Building Scalable Multi-Modal AI Agents with Strands Agents and Amazon S3 Vectors

#python #aws #ai #beginners

🇻🇪🇨🇱 Dev.to Linkedin GitHub Twitter Instagram Youtube
Linktr

Elizabeth Fuentes L

AWS Developer Advocate specializing in AI/ML and Generative AI. I simplify complex cloud concepts through hands-on tutorials and real-world examples.

GitHub repositorie: Strands Agent Samples

Part 3: Adding Persistent Memory with Amazon S3 Vector Store

Building sophisticated AI agents doesn't have to be complex. As we demonstrated in my first blog post, the Strands Agent open source framework makes it remarkably simple to create multi-modal AI agents with just a few lines of code. Whether you're processing images, documents, or videos, Strands maintains this simplicity while providing powerful capabilities.

This post continues my AI agent development series, building on our previous exploration of multi-modal AI agents with the Strands Agent framework using FAISS for local memory storage. Now, we advance to enterprise-scale capabilities with Amazon S3 Vectors – the AWS object storage service with native vector support that transforms how you build scalable AI applications without sacrificing the simplicity that makes Strands Agent so accessible.

From Local to Cloud: Production-Ready AI Memory

While FAISS works effectively for local development and prototyping, production AI agents require scalable capabilities. Amazon S3 Vectors provides these capabilities with cost advantages compared to traditional vector databases while maintaining subsecond query performance at scale.

Core Amazon S3 Vectors Capabilities

Amazon S3 Vectors offers cloud object storage with native vector support. This approach reduces the complexity of managing separate vector infrastructure while providing:

Massive scalability: Each vector index supports large-scale vector storage
Managed service: Fully managed with automatic optimization
Enterprise security: Native AWS Identity and Access Management (AWS IAM) integration with user isolation
Global availability: Multi-region support with built-in disaster recovery

Step 1: S3 Bucket Configuration

Before you begin, you need to create an S3 bucket that will serve as the backend for your vector memory.

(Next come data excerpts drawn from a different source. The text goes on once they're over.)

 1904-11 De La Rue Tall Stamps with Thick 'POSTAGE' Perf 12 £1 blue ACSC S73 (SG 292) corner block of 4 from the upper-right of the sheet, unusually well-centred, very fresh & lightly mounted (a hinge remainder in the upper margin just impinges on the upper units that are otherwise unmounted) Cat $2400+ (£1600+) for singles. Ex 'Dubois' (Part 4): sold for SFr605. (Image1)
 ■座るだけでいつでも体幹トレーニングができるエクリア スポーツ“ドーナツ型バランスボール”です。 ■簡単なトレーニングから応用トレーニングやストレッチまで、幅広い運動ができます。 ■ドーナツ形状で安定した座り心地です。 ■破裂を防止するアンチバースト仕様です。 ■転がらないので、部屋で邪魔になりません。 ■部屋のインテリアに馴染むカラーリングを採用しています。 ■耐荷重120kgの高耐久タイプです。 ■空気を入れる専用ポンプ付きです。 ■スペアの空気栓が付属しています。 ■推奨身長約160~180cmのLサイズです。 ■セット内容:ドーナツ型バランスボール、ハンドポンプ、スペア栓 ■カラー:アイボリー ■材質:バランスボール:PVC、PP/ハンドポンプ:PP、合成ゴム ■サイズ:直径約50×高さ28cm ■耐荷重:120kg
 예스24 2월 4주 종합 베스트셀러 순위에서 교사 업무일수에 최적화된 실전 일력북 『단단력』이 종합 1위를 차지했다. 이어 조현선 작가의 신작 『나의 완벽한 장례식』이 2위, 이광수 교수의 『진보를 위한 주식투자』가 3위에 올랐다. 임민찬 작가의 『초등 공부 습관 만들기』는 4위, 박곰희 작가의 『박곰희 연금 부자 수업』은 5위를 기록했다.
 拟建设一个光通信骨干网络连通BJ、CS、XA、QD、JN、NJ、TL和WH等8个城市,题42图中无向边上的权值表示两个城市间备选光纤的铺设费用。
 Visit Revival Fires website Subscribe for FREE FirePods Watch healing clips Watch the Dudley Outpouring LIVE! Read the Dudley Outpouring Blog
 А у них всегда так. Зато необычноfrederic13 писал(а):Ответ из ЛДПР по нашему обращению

Important configuration points:

Ensure the bucket is in the same region where you'll run your application
Enable versioning for additional security
Configure appropriate IAM access policies

Vector Buckets and Indexes

S3 Vectors introduces a bucket type specifically designed for vector data. Within each bucket, you can create multiple vector indexes, each capable of storing vectors with attached metadata for sophisticated filtering.

Distance Metrics and Performance

Amazon S3 Vectors supports both Cosine and Euclidean distance calculations.

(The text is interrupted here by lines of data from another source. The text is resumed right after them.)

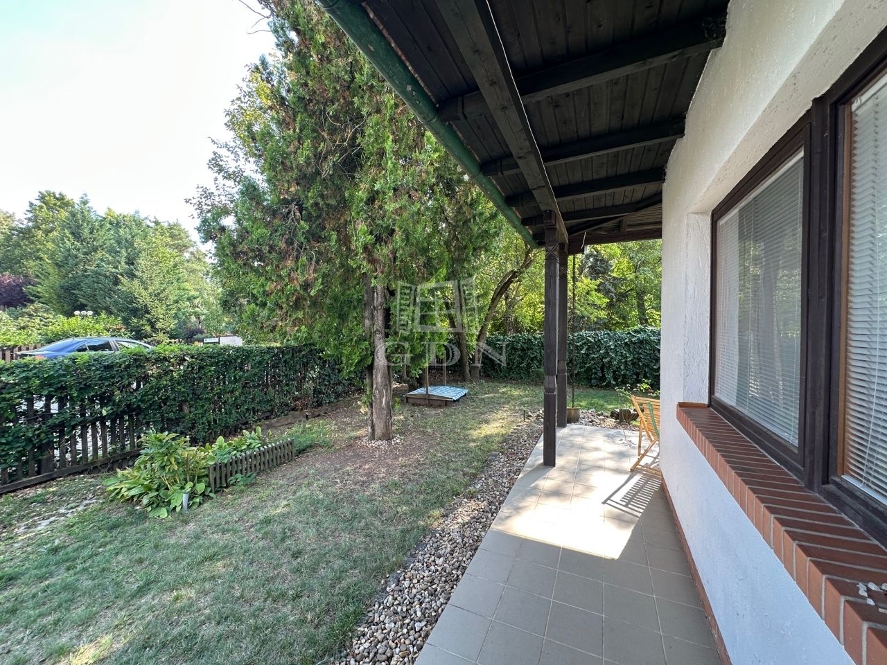 A ház kertkapcsolata egy 21 m2-es fedett teraszról nyílik.
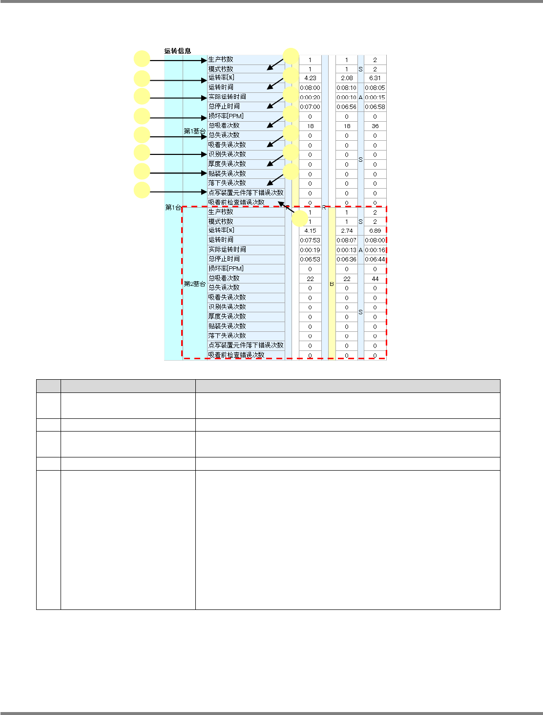 NPM X / NPM / AM / VM LNB 3.1 生产管理信息 EJM5DC-MB-03L-17 Page 3-11 名称 说明 f 总停止时间 机器在生产中停止的时间。 ( 1) g 损坏率 [PPM] 用以下的算式计算仕损率。 ( 1) 总失误次数 / 总吸着次数 1000000 h 总吸附次数 这个生产线的总吸附失误次数。 ( 1) i 总失误次数 这个生产线的总失误次数。 ( 1) 总失误次数是…
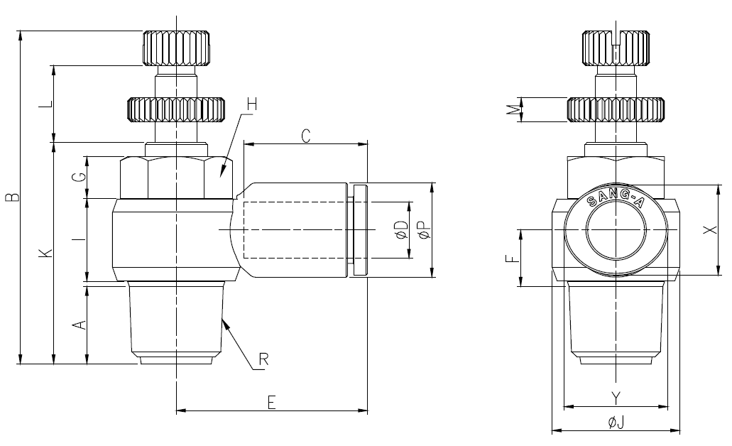 공기압용 구동 기기의 속도제어에 사용하는 밸브입니다.
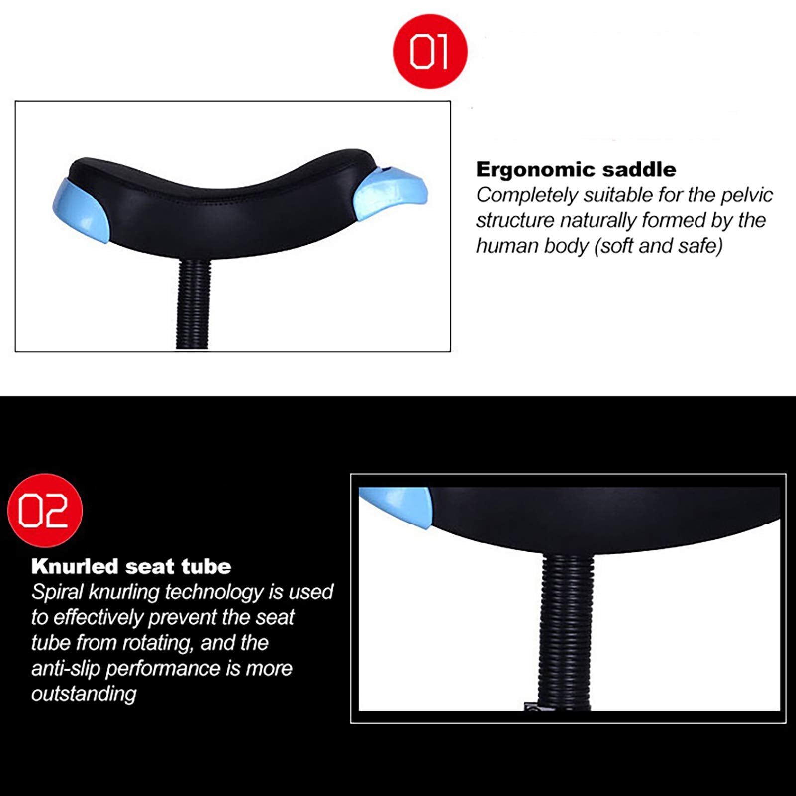 - ★Comfortable design: According to human organs and sports characteristics, ergonomics and seat handle design are rationally designed to provide a comfortable saddle, high front and rear positions, comfortable and durable, and unique front and rear armrest design. The quick-release Seatpost clamp is made of aluminum alloy and has a comprehensive ergonomic design. The seat height can be adjusted easily, quickly, and firmly.
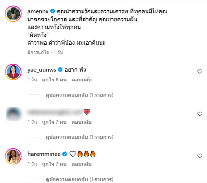 ท่ามกลาง คอมเมนต์จากคนในวงการบันเทิงและแฟนๆ ที่ต่างส่งกำลังใจเป็นจำนวนมาก
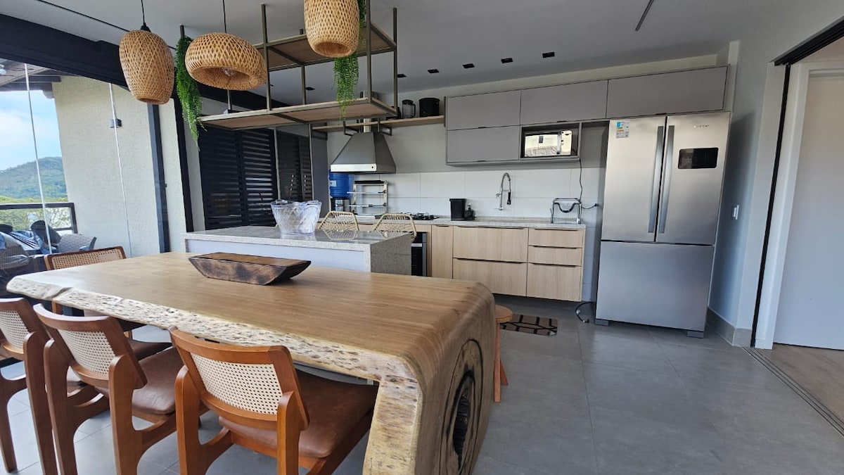 Casa de Ubatuba em um bairro residencial, no meio da Mata Atlantica. Casa de 4 quartos, sendo 1 suite, 3 banheiros, salas amplas, com area construida de 240 m². Jardim de 550 m² com churrasqueira, Jacuzzi, estacionamento com cobertura. Bairro com portaria, Localizacao central, mas fora da grande movimentacao de Ubatuba. Supermercado perto, 1.500 m. Casa ideal para familias com criancas que busca sintonia com a natureza e desfrutam conforto e espaco com Vista para mata Atlantica e Serra do Mar.

Enhanced Multi-Modal Content Processing Agent

It's here in this notebook

Our updated Strands Agents agents now supports S3 Vectors natively usign the s3_memory tool , providing:

Core Memory Operations

store(): Persist agent conversations and learned insights
retrieve(): Query similar experiences and context
list(): Enumerate stored memories with metadata
auto_store_and_retrieve(): Intelligent context management
auto_context(): Dynamic conversation continuity

Multi-Modal Content Processing

Similar to our FAISS implementation, the new agent maintains full support for processing images, documents, and videos with persistent, cross-session memory.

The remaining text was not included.